### STORED DATA
+ + + +
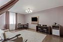 Просторный номер-студия состоит из двух зон - гостиной и спальни.
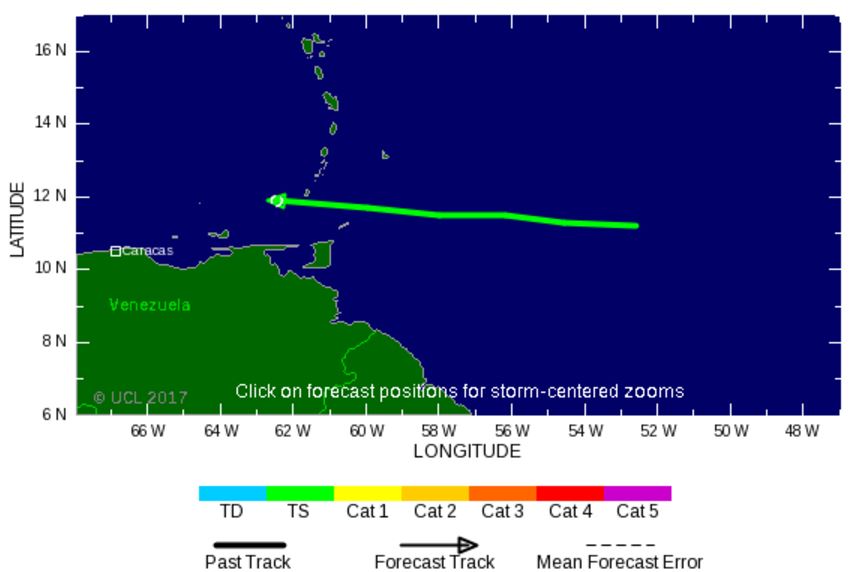 Don devrait toucher Grenade et Saint-Vincent-et-Grenadine d'ici 24 h puis longer les côtes du Vénézuela. La tempête qui est aussi accompagnée de fortes pluies est susceptible de causé des inondations.
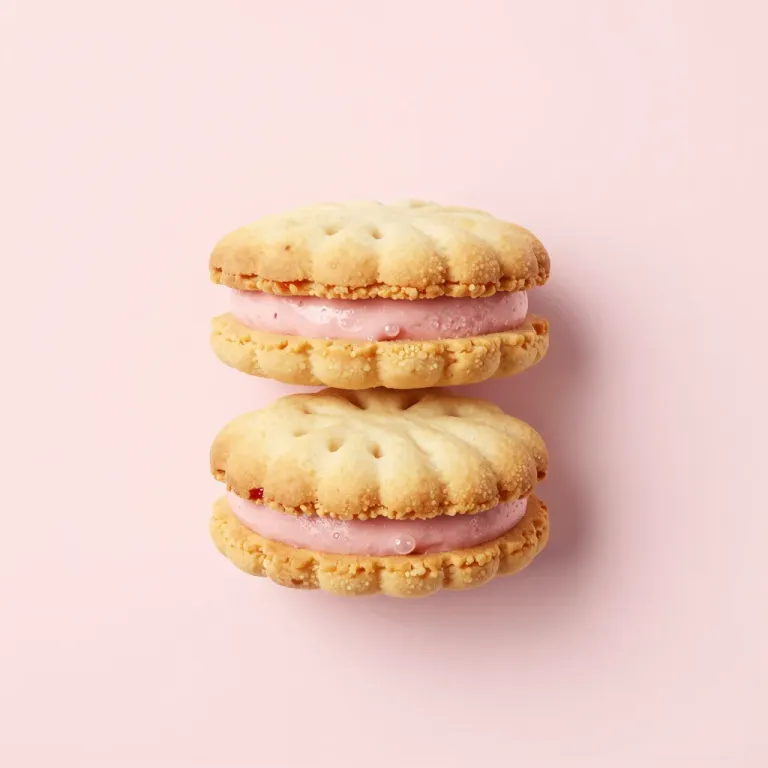 Golden-brown checker cookies sandwiched with creamy pink filling, softly lit to highlight texture and sheen, set against a clean, soft pink background that enhances the aesthetic appeal.
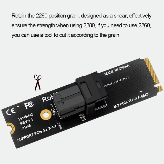 M. 2 NVME To U. 2 Expansion Card Mkey PCIeX4 To SFF8643 Converter Card 64GT/S High Speed Stable Transmission for Desktop Computer
+ + + +
### AIM OF THE TASK
Set down nothing but the lines from the one containing "Golden-brown checker cookies" to the final line above, both included, with every picture left out.

### ANSWER TO THIS PROBLEM
 Golden-brown checker cookies sandwiched with creamy pink filling, softly lit to highlight texture and sheen, set against a clean, soft pink background that enhances the aesthetic appeal.
 M. 2 NVME To U. 2 Expansion Card Mkey PCIeX4 To SFF8643 Converter Card 64GT/S High Speed Stable Transmission for Desktop Computer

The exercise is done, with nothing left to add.